Yaşar amca odasından çıkıp yanımıza geldi.
"Çocuklar benim çocuğu Ankara'ya hastaneye götürmem gerekiyor. Bu akşam uçağa bineceğim. Pazar günleri izinlisiniz. Onun dışında dükkanı siz açarsınız." Kafamı salladığım sırada anahtarı bana uzattı. Elim ile anahtarı kavradım. Yaşar amca gülümsedi. Dükkandan çıktı.
...
Sevdiğim çocuk ile gün içinde hep beraber olacaktım. Bu nasıl histi böyle? Eve geldiğimde kendimi yatağa bıraktım. Ah be Deniz! Seninle deniz ve kumsal gibi olabilirdik! Ben de aptalım! Çocuğun karşısına çıkmaya cesaret bile edemiyorum ki!
Üstümü değiştirip yatağa uzandım. Aç değildim. Yarın da Pazar günüydü zaten. Dükkanı açmayacaktık. Gözlerimi kapattım.
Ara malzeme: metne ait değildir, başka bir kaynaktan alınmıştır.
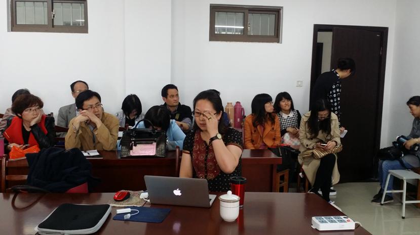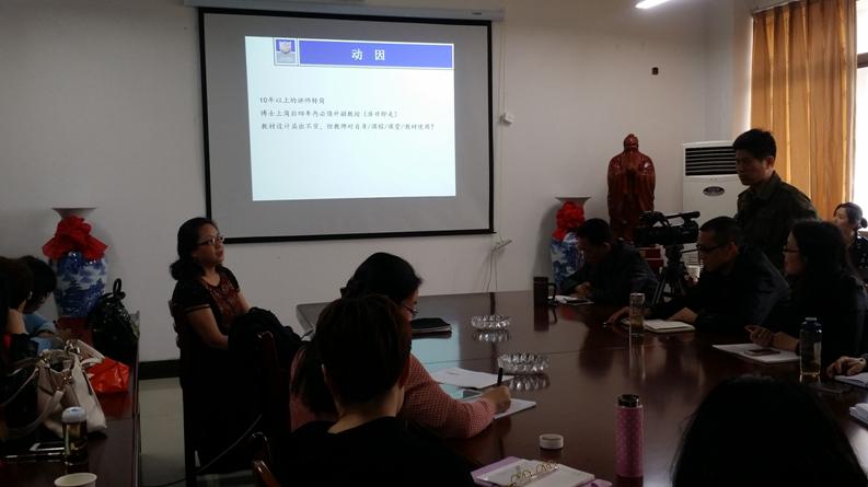 报告以问答的形式展开,陈桦教授先从南京大学 “三三制培养模式”入手,介绍了南京大学大学英语教学改革研究与实践,并结合公司大学英语教改工作,从课程设置、专门用途英语(ESP)课程教学等方面提出了意见及建议。陈教授还解读了我国“十三五”规划(教育篇)的核心要义是提高教育质量,并着重提出了教师是教学设计师,指出教学要有“法”,教无定法,贵在得法。她认为在时代、员工、教学内容等改变的大背景下“翻转式课堂”实质上是师生关系、教学观念、教学内容、教学时空的翻转;并以详实的视频资料,展示了她在口语课程实践教学中配音教学的成功经验。陈教授还就到会老师所提出的大学英语课程教材选用、大学英语四、六级考试发展前景、青年教师如何提升教研能力等问题一一做了详细解答。

Gece terli bir şekilde uyandım. Hava çok mu sıcaktı ya? Üstüme hırkamı geçirip mutfağa gittim. Işığı açtıktan sonra bir bardağa su koydum ve içtim. O sırada karşı pencere gözüme takıldı. Sanki biri ordan beni izliyordu ve ben ona bakınca gitmişti.
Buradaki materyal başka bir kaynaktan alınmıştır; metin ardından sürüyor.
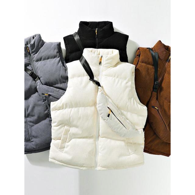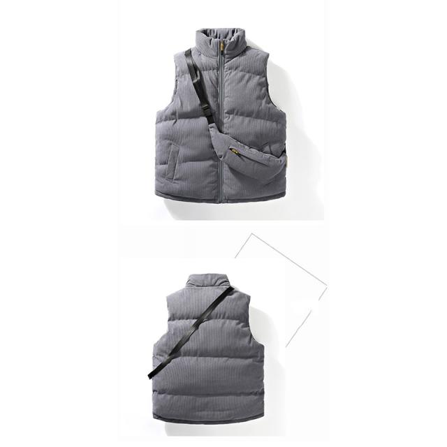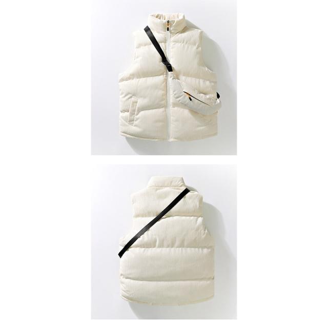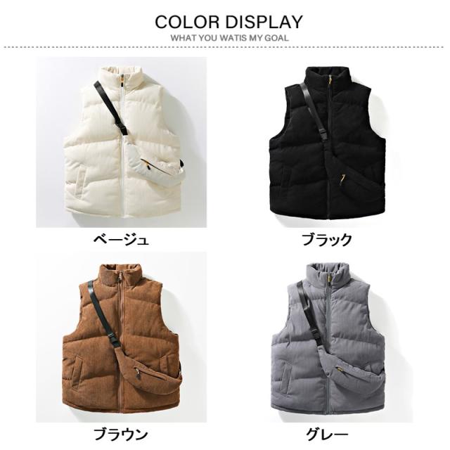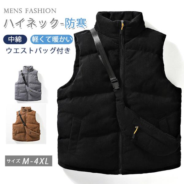 ウエストバッグ付き ベスト レディース メンズ ユニセックス 中綿ベスト ダウンベスト ハイネック 中綿入り チョッキ ジレ アウター トップス 冬

Kaşlarımı çattım. Emin olmak için perdemi kapatıp belli etmeden karşı camı izlemeye başladım. Bir süre sonra o tekrar cama çıktı. Bu üvey babamın adamlarındandı. Buna yemin edebilirdim! Perdeyi bırakıp içeri geçtim. Terliklerimi giyip balkona çıktım. O da içeri girmişti. Ablamı aradım.
Gece saat 2.30 du. Ama umrumda değildi. Ablam ve ben belki tehlikedeydik. O üvey babamdan her şeyi beklerdim.
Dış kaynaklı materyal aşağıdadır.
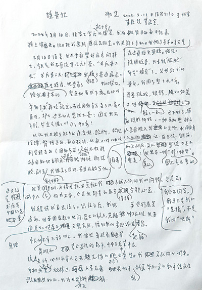 2022年3月11日,谢冕住院期间写作《换骨记》的手稿

"Alo?" dedi karşımdaki uykulu ses. Hemen konuştum.
"Abla, eniştemden uzak bir yere geçsene acil." dediğimi duyan ablam oflayarak kalktı. Bir süre sonra kapı kapanma sesinden sonra başka bir odaya girdiğini anladım.
"Abla Cemal peşime adamını takmış. Karşı pencerede benim pencereme bakıyordu."
"Ne! Ciddi misin sen! Kumsal hemen başka bir yere başka bir mahalleye, başka bir eve, başka bir şehire taşınıyorsun!" Yapamam...o buradayken yapamam.
"Yapamam..."
"Neden yapamazsın Kumsal? Şuan belki de hayatın tehlikede farkında mısın sen!" dediğinde zilimin çaldığına şahit oldum. Korkuyordum. Ayaklarımın uyuştuğunu hissediyordum.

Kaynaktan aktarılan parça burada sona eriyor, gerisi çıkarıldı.